Task to complete:
The reply should contain all the data below, repeated exactly, and none of the images.

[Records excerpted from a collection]
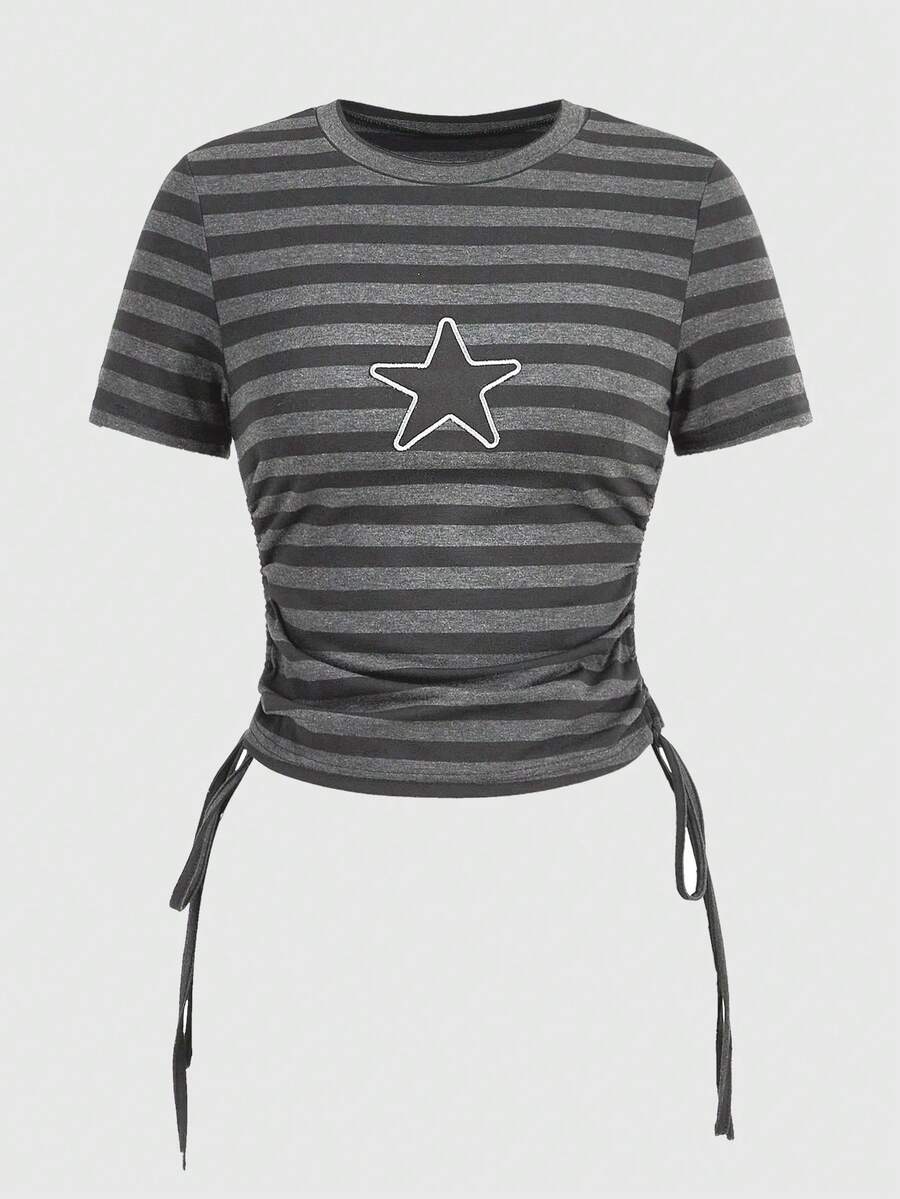Grunge Punk Women's Side Drawstring Striped Print Star Embroidery Skinny Round Neck T-Shirt, School
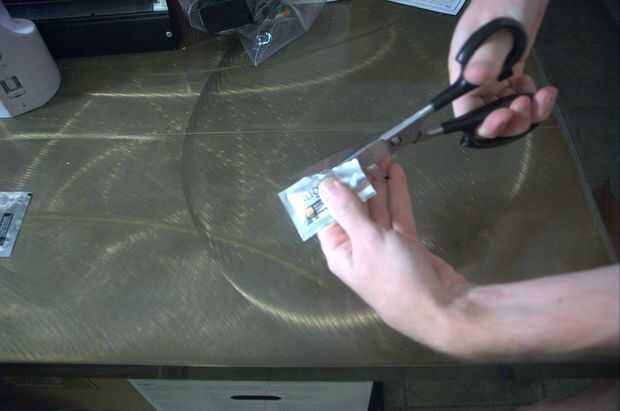 Una vez más tomar las tijeras y proceder a cortar a lo largo de los bordes exteriores del paquete sugru, como se indica por las líneas punteadas hábilmente colocadas.
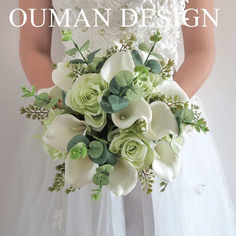 。2020欧美白绿马蹄莲结婚婚礼新娘仿真花森系花束婚纱摄影手捧花热门设计联盟服务商
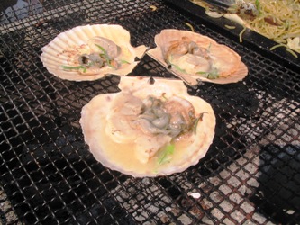 先日今年初めてのバーベキューをしました。長男一家と二男も帰省して久しぶりに家族が勢ぞろいしました。おりしも、気温は20度近くまで昇りようやく春になった感じで、冬の間片付けてあったブロックを出してきて炉を作りました。長男が調達してきたホタテ・つぶ・牡蠣のほか、イカ・豚串・牛肉と材料は十分。昼過ぎから夕方まで楽しみました。 他の材料は、食べるのに忙しく撮影していませんでした。オット、忘れていました。ココアも来たんです。 大好きジージに抱っこされてるのですが、「なぜわたしにくれないの ? お肉」と、実は放しておけなかったんです。
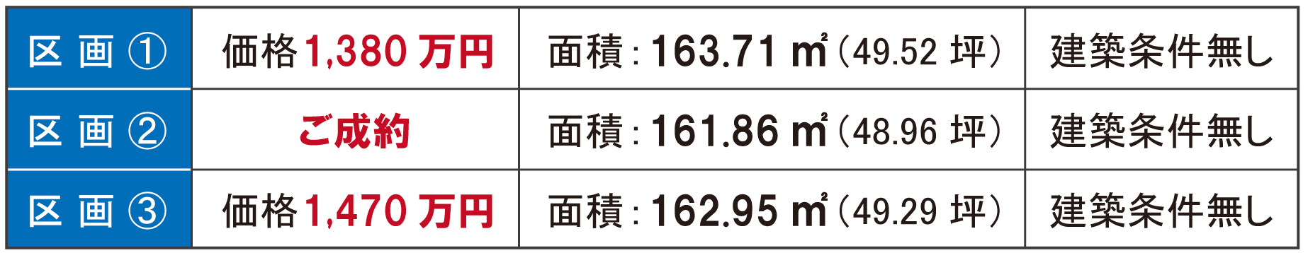 【 土地面積 】 ①区画 公簿163.71㎡(48.96坪)・②区画 公簿161.86㎡(48.96坪)・③区画 公簿162.95㎡(49.29坪)

Result of this exercise:
Grunge Punk Women's Side Drawstring Striped Print Star Embroidery Skinny Round Neck T-Shirt, School
 Una vez más tomar las tijeras y proceder a cortar a lo largo de los bordes exteriores del paquete sugru, como se indica por las líneas punteadas hábilmente colocadas.
 。2020欧美白绿马蹄莲结婚婚礼新娘仿真花森系花束婚纱摄影手捧花热门设计联盟服务商
 先日今年初めてのバーベキューをしました。長男一家と二男も帰省して久しぶりに家族が勢ぞろいしました。おりしも、気温は20度近くまで昇りようやく春になった感じで、冬の間片付けてあったブロックを出してきて炉を作りました。長男が調達してきたホタテ・つぶ・牡蠣のほか、イカ・豚串・牛肉と材料は十分。昼過ぎから夕方まで楽しみました。 他の材料は、食べるのに忙しく撮影していませんでした。オット、忘れていました。ココアも来たんです。 大好きジージに抱っこされてるのですが、「なぜわたしにくれないの ? お肉」と、実は放しておけなかったんです。
 【 土地面積 】 ①区画 公簿163.71㎡(48.96坪)・②区画 公簿161.86㎡(48.96坪)・③区画 公簿162.95㎡(49.29坪)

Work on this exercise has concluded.